In its June 22 order list, the Court denied Saldaño’s petition for certiorari. Justice Sonia Sotomayor, joined by Justices Elena Kagan and Ketanji Brown Jackson, dissented from the decision to look the other way. According to the opinion text published by the Legal Information Institute, Sotomayor wrote that the Texas Court of Criminal Appeals’ refusal to remand the case effectively blocked any meaningful review on the merits, even though experts for both the defense and the state agreed that Saldaño has significant intellectual deficits.

What he was convicted of

Saldaño was convicted of capital murder in the mid-1990s and later received a death sentence after a retrial, according to records compiled by Justia.
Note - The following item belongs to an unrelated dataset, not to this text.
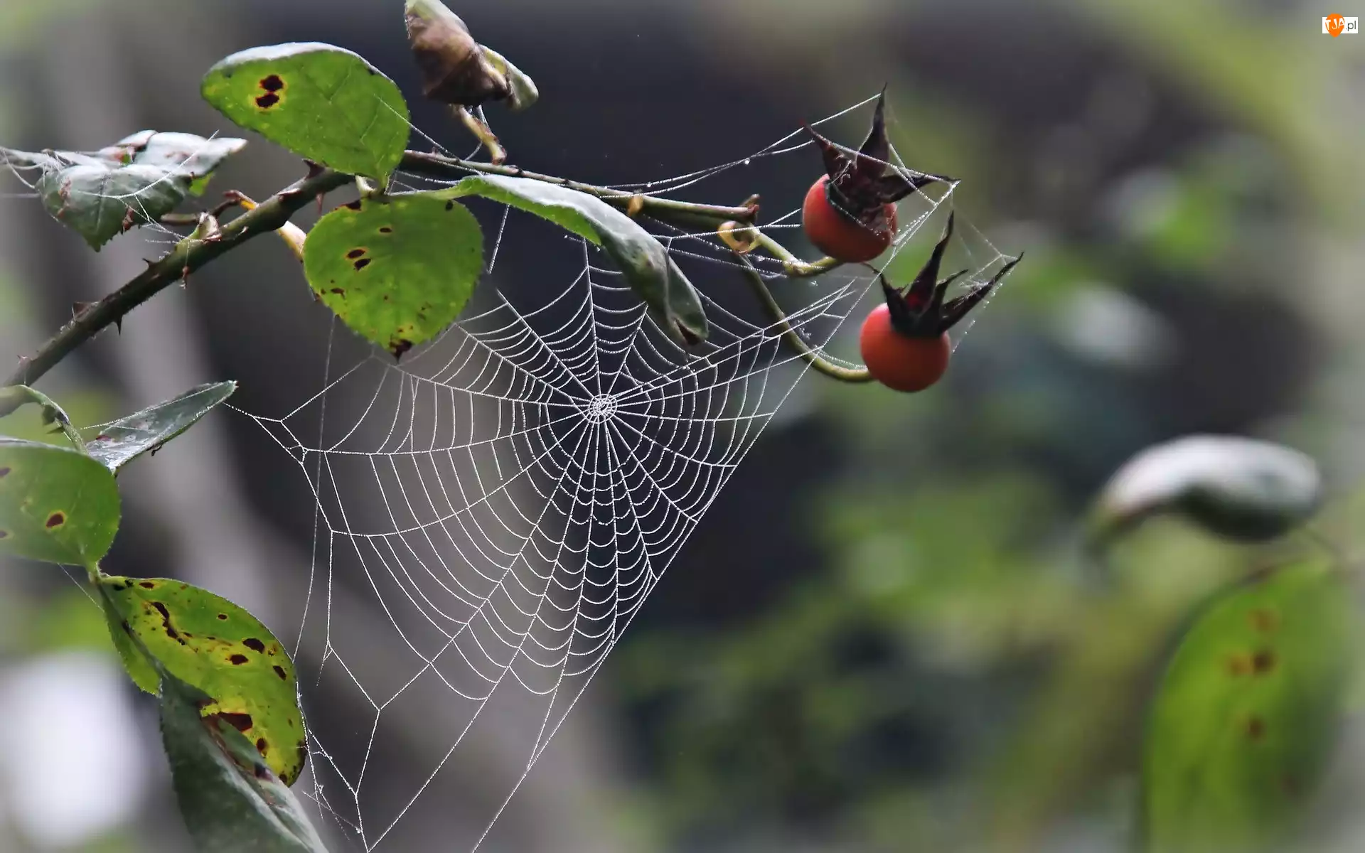 Pajęczyna, Makro, Róża, Dzika, Owoce

His case has wound through the courts for decades, with a resentencing and multiple post-conviction petitions raising questions about his competency and related constitutional claims.

Experts, the state's concession and what filings show

Supreme Court filings detail how both the Office of Capital & Forensic Writs and the state’s own expert assessed Saldaño with IQ scores in the low 70s. The State of Texas told the Texas Court of Criminal Appeals that he met the statutory threshold for a full-blown hearing on the merits. In its reply brief in the high court, the Office of Capital & Forensic Writs stressed that both sides had agreed an evidentiary remand was appropriate, yet the Texas court still refused to allow further development of his Atkins claim. Speaking to NPR, Benjamin Wolff, director of the Office of Capital & Forensic Writs, said, “Every expert who has evaluated Mr. Saldaño for intellectual disability agrees he’s intellectually disabled.” His lawyers say they will continue pressing every legal angle to prevent his execution.

Why the legal question matters

The fight turns on core Eighth Amendment doctrine. In Atkins v. Virginia, the Supreme Court barred the execution of people with intellectual disabilities, and subsequent cases have made clear that courts must weigh IQ scores alongside evidence of adaptive functioning rather than using rigid numerical cutoffs. Legal analysis on SCOTUSblog about decisions such as Moore v. Texas has repeatedly underscored that courts are required to follow contemporary clinical standards when determining intellectual disability. Critics argue that the unusual combination of a prosecutorial concession and a state appeals court’s refusal to remand in Saldaño’s case raises hard questions about whether defendants can secure a merits hearing even when the factual record appears to point toward a constitutional exemption from the death penalty.

What comes next

With the Supreme Court out of the picture, Saldaño’s remaining options are largely confined to clemency requests and further maneuvering in Texas courts. His attorneys insist they will pursue every remaining remedy. For now, the justices’ decision leaves unresolved the thorny procedural issues surrounding how and when intellectual-disability claims in Texas actually get a full evidentiary airing.